Exercise inputs
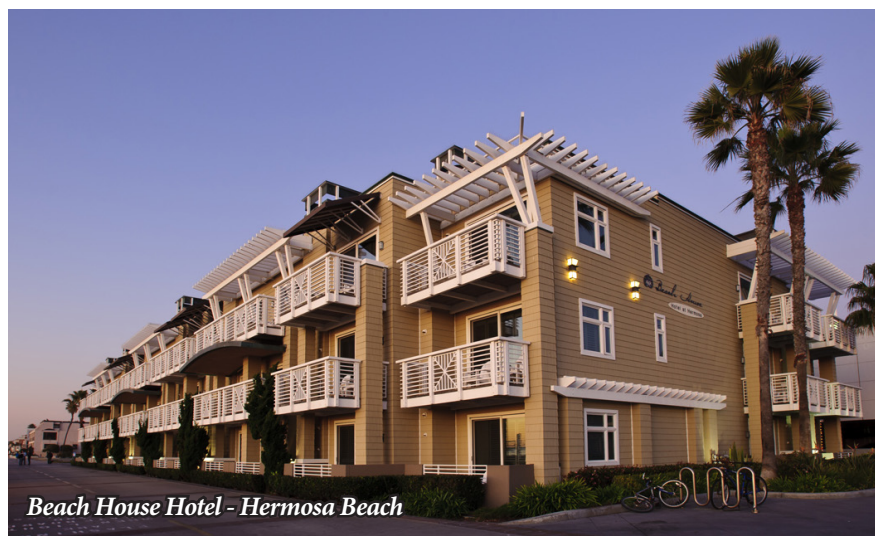
Beach House Hotel - Hermosa Beach

And as you breathe in the salty ocean, there's a lot of shopping to do on Hermosa's Pier Avenue. Plus, when all of your souvenirs are already bought, you can take your shopping to a new level and visit nearby Manhattan Beach downtown with more fine local shops and
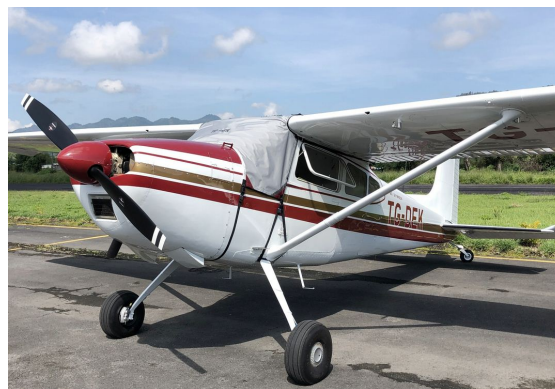
Cessna 180 Windshield Cover
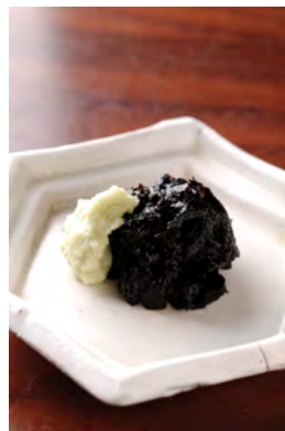
Wasabi Nori わさび海苔
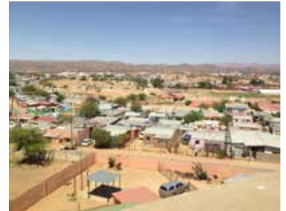
View from Okuryangawa to Katutura

The partnership between the church district of Wetzlar and the church district of Windhoek / Namibia exists since 1980. At that time, against the background of apartheid in South Africa and Namibia, the district synod decided to start this partnership in order to better understand and support the people. Since Namibia's independence in 1990, there have been many opportunities for encounter, exchange and common ecumenical learning. Our churches and countries are very different, but in our faith we are united. The actions and encounters are organized for the congregations in the church district by the Namibia Committee. In the following, we present the partnership work in highlights:

Your instructions
After dropping the pictures, reproduce exactly the lines from the first line of the entries through the line containing "View from Okuryangawa to Katutura", both included.

Reply
Beach House Hotel - Hermosa Beach

And as you breathe in the salty ocean, there's a lot of shopping to do on Hermosa's Pier Avenue. Plus, when all of your souvenirs are already bought, you can take your shopping to a new level and visit nearby Manhattan Beach downtown with more fine local shops and
Cessna 180 Windshield Cover
Wasabi Nori わさび海苔
View from Okuryangawa to Katutura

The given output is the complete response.